From the listing below, output the lines between the one with "- badkamer met" and the one with "Mexen Tomas granitový", including those two, and nothing else. Pictures are not copied.

• Material for the task
== == ==

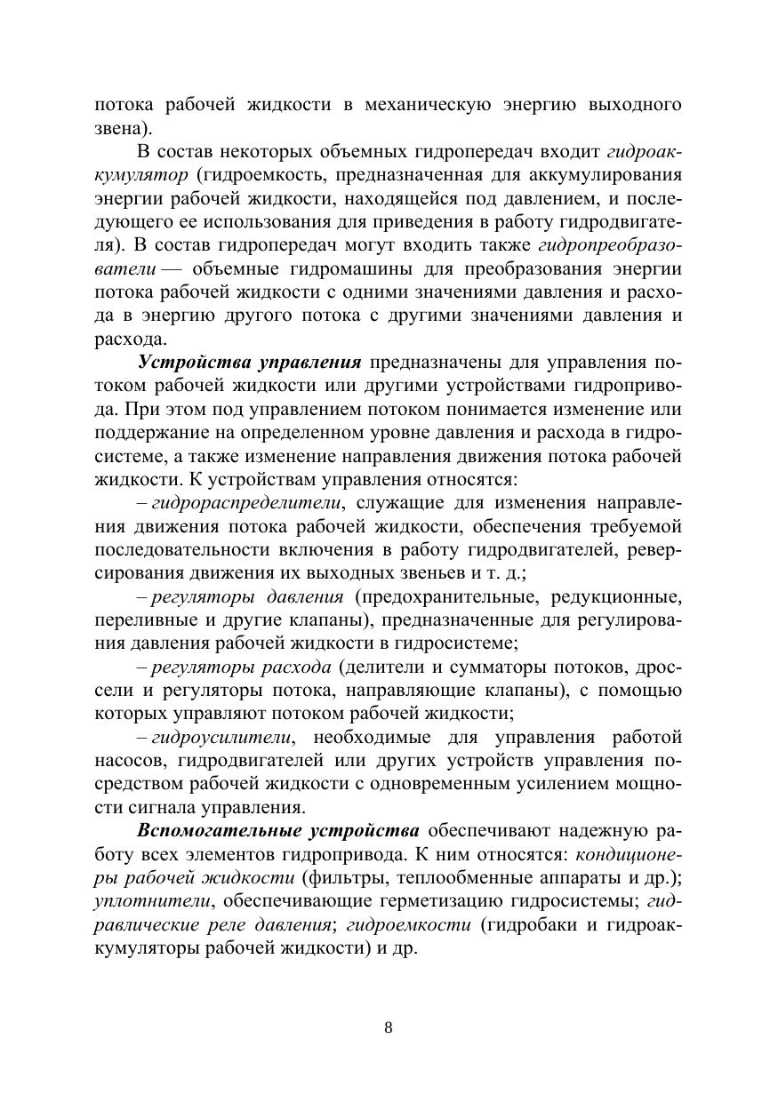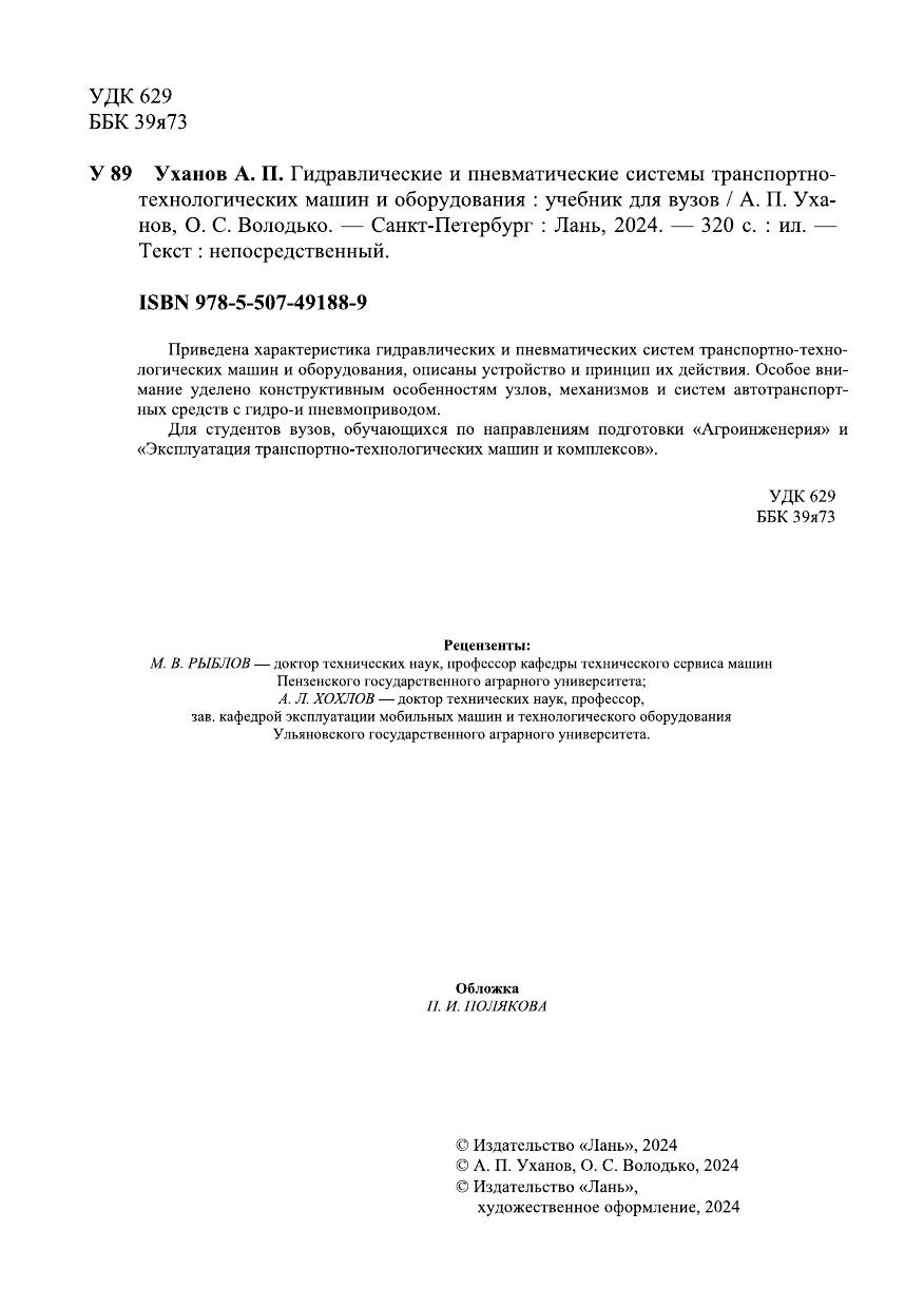 Приведена характеристика гидравлических и пневматических систем транспортно-технологических машин и оборудования, описаны устройство и принцип их действия. Особое внимание уделено конструктивным особенностям узлов, механизмов и систем автотранспорт-ных средств с гидро- и пневмоприводом. Для студентов вузов, обучающихся по направлениям подготовки «Агроинженерия» и «Эксплуатация транспортно-технологических машин и комплексов».
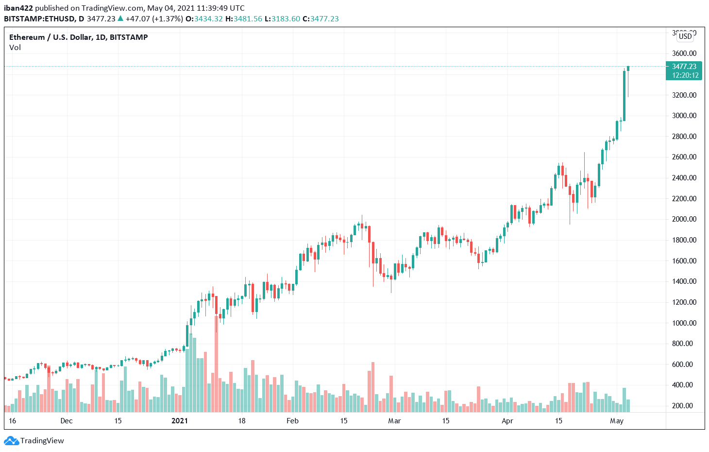 This comes at a time when Ethereum is gaining. On Monday, ETH added over 16% pushing the coin to a new record of slightly over $3,450.
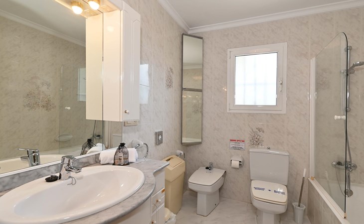 - badkamer met wastafel, douche/badcombinatie, bidet en toilet
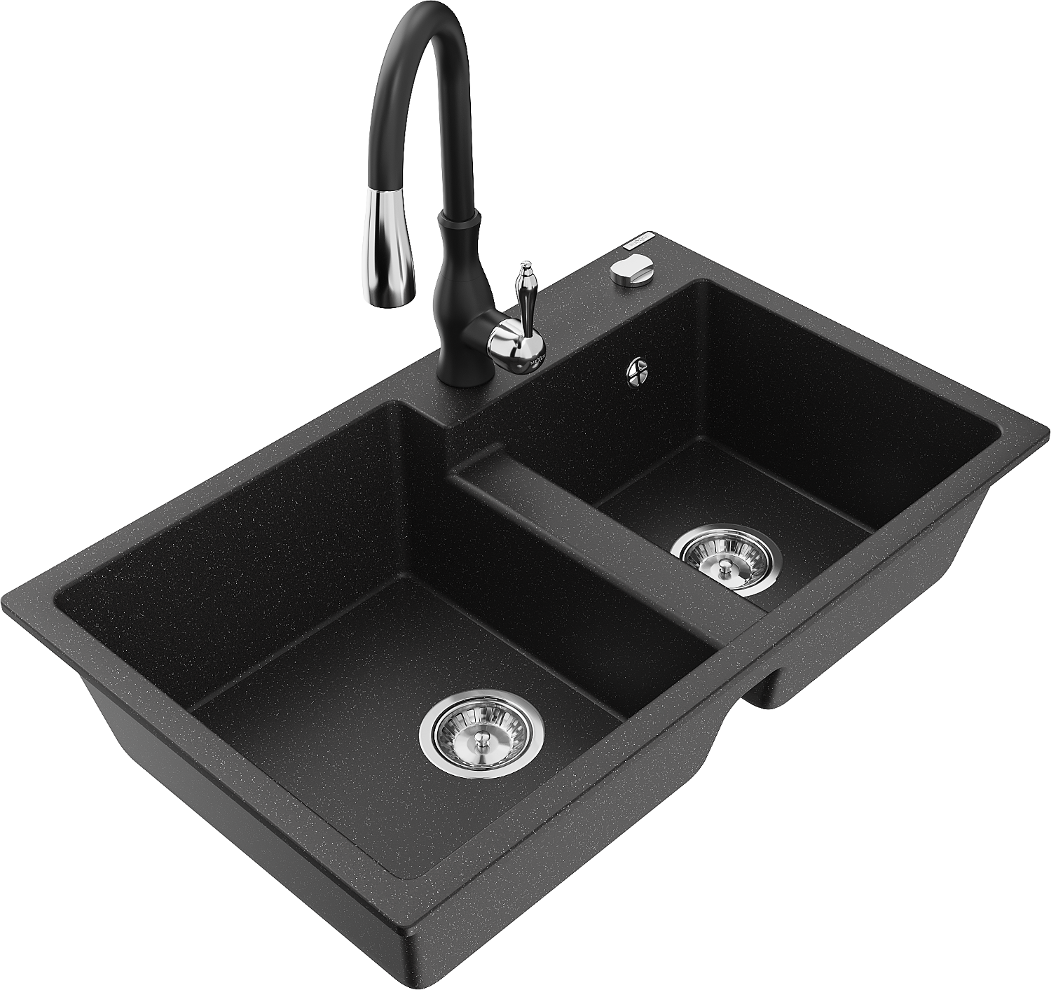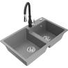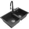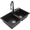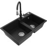 Mexen Tomas granitový dvoukomorový dřez s kuchyňskou baterií Savita, černý/stříbrný metalik - 6516-73-672601-70
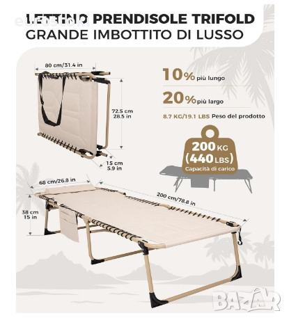Голям сгъваем шезлонг с мек пълнеж. Изключително голям градински шезлонг: 200 x 68 см. Разширеното и удължено къмпинг легло ви предлага голяма свобода на движение. За разлика от други шезлонги, сгъваемият шезлонг KingCamp е снабден с висококачествени ръчно изработени еластични шнурове за закрепване на повърхността за лежане, които се адаптират плътно към тялото ви и ви предлагат пълна опора за ефективно облекчаване на натиска. Средният 1,5 см PU гъбен междинен слой е мек и издръжлив.
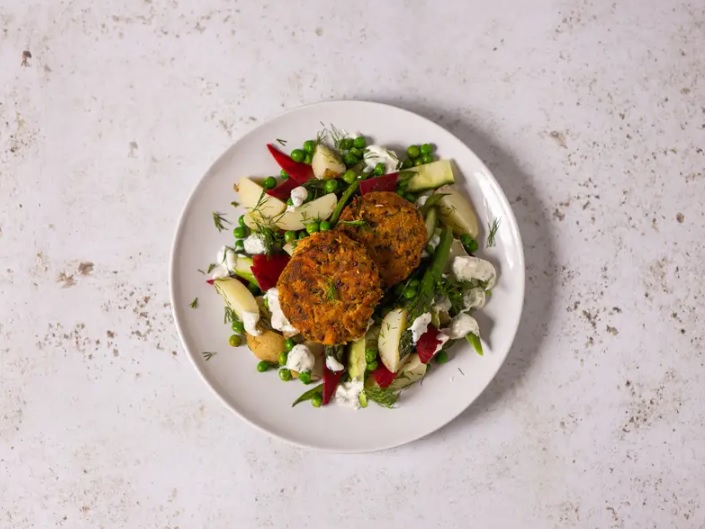 500g cá hồi, 25g hạt lanh, 25g bột mì không chứa gluten, 10g hành tây xắt nhỏ, 10g thì là xắt nhỏ, 25g hành lá xắt nhỏ, 5g muối, 5g bột tỏi, 5g hạt tiêu đen. 5g ớt bột, 25ml nước cốt chanh.

== == ==

• Solution for this exercise
 - badkamer met wastafel, douche/badcombinatie, bidet en toilet
 Mexen Tomas granitový dvoukomorový dřez s kuchyňskou baterií Savita, černý/stříbrný metalik - 6516-73-672601-70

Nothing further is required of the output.